Your service will be deployed to AWS and will undergo automated correctness and load-testing to ensure it meets the required scalability.
1 Introduction
Text-to-speech software supports accessibility, enables smart-home devices, and even breaks down language barriers. Unfortunately, text-to-speech is computationally intensive. While the technology has made great advances over the past few decades, many open-source implementations are still inefficient.
Task For this assignment, the University of Queensland is looking to convert all course content into speech. This will support visually impaired students in their studies. All course content fromslack messages and blackboard announcements to textbooks must be converted to speech. You will be responsible for designing and implementing a service to generate synthesized speech for use across the entire university.

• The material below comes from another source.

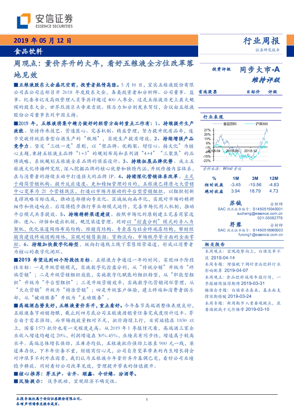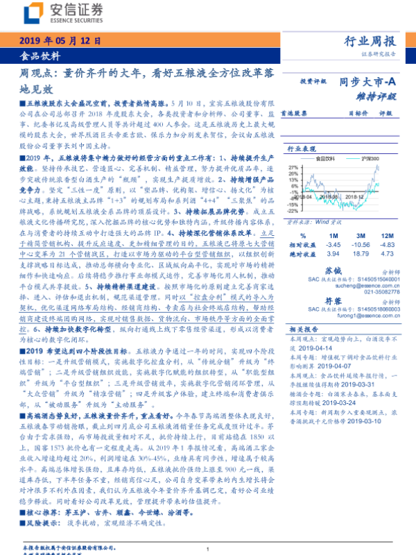 【安信证券】【20190512】20190512-安信证券-食品饮料周观点:量价齐升的大年,看好五粮液全方位改革落地见效-29页

Requirements As you might imagine, blackboard announcements occur frequently and should be translated in almost real time. While textbooks are set ahead of semester and may take several days to process. The university will experience peaks of usage. At the start of semester, instructors set many textbooks which need to be processed. The university will also experience usage lows over the summer holiday period when few translations will be required. The university is not willing to pay for the resources required during usage peaks all year round. Your implementation must be able to scale dynamically based on the current amount of jobs to be processed.
2 Interface
Your service will be utilised by almost every system in the university. Every university service must support text-to-speech on the first Monday of semester two. An interface specification has already been developed and distributed to existing service owners, who are working hard to deliver support for their services.
You must implement this interface exactly as described. The interface specification is available to all
service owners online: https://csse6400.uqcloud.net/assessment/chatterbox
3 Implementation
To ensure that your service is able to faithfully generate voice clips that our tests will expect, there are some restrictions on how your service can be implemented.
Your service must utilise the chatterbox command line tool provided for this assignment. This tool is available on pypi and may be installed using pip: https://pypi.org/project/uq-chatterbox/